Apache pig is an abstraction layer for processing large datasets; it’s a sub project from Apache and built for Hadoop. Apache pig is scripting language for exploring big datasets, writing pig script is very easy it does not require any programming skills like other languages and it is very supportive for programmers with inbuilt queries. The interesting thing is pig can process the terabytes of the data simply by using the some (very less) commands of piglatin. Mapreduce allows you as programmer ,to specify the mapper and reducers functions for particular issue ,even some issues requires more than one mapper and reducers and it require programming skills so instead of mapreduce simply issuing the some commands we can solve the problem (depending upon issue we should select mapreduce or pig).off course pig scripts converts internally in to mapreduce but the programmer need not worry about converting the mapreduce ,the pig execution environment will take care.

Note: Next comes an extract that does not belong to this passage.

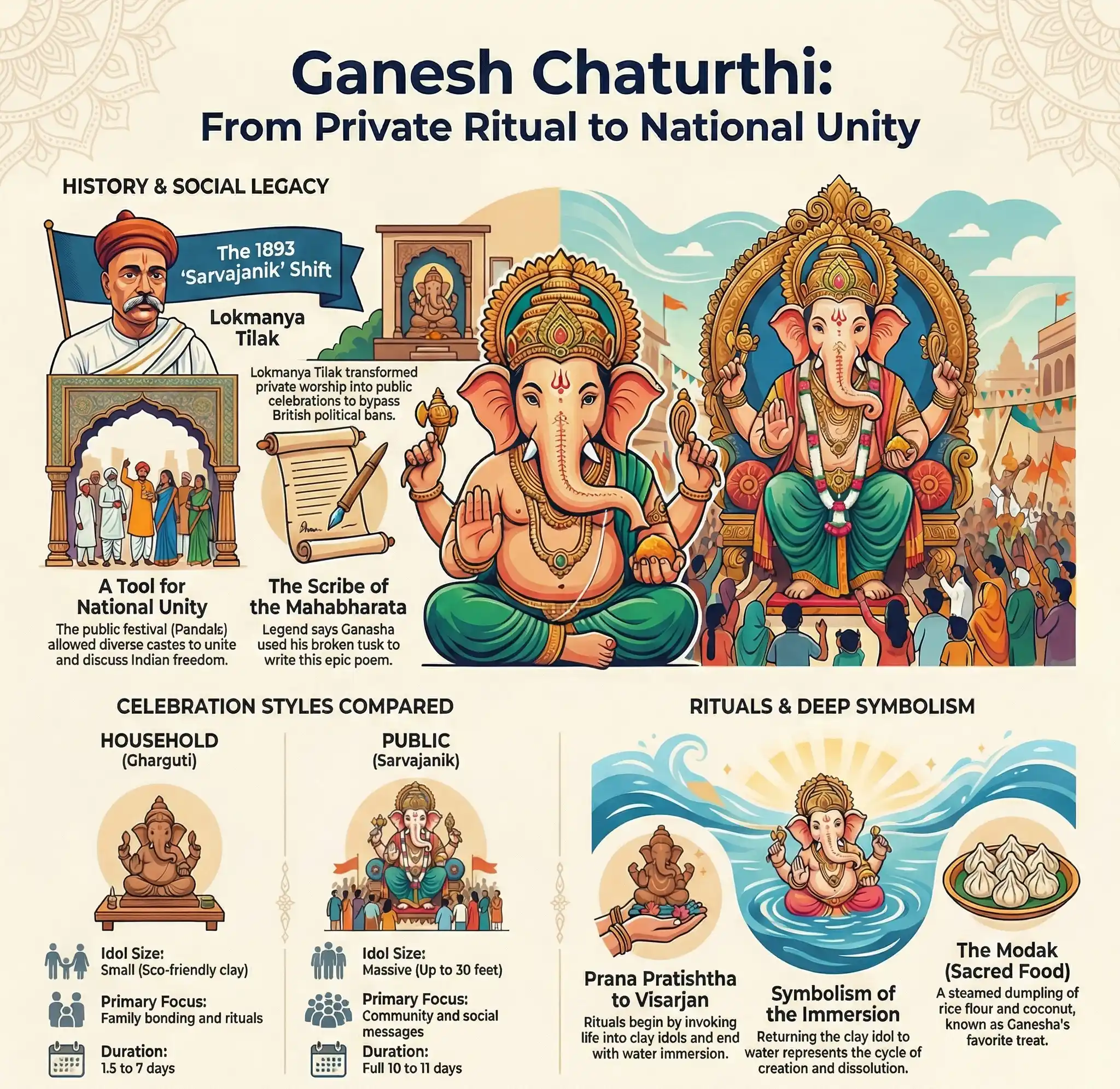 Ganesh Chaturthi (also known as Vinayaka Chaturthi) is a Hindu festival celebrating the birth of Lord Ganesha, the god of wisdom, prosperity, and new beginnings. It falls in the Hindu month of Bhadrapada (August/September). While Ganesha has been worshipped for centuries, the festival took its modern, grand public form in 1893 when freedom fighter Lokmanya Tilak transformed it from a private household ritual into a Sarvajanik (public) event to unite Indians against British colonial rule. The festival lasts for 10 days, beginning with the installation of clay idols (Prana Pratishtha) and ending with Anant Chaturdashi, when the idols are immersed in water (Visarjan), symbolizing the cycle of creation and dissolution.| Feature | Details |

We can do pig scripts with two ways:
• Pig Latin.
• Execution environment (local /hdfs).
Pig was originally developed at Yahoo Research around 2006 for researchers to have an ad-hoc way of creating and executing map-reduce jobs on very large data sets. In 2007, it was moved into the Apache Software Foundation.
Pig Execution Flow
Apache pig is high level scripting language used with hadoop.
Every pig script will convert MapReduce internally i.e. pig execution environment will convert into MapReduce and execute in cluster environment. Apache pig works for all data, including the structured and unstructured data and it will store the results into output location.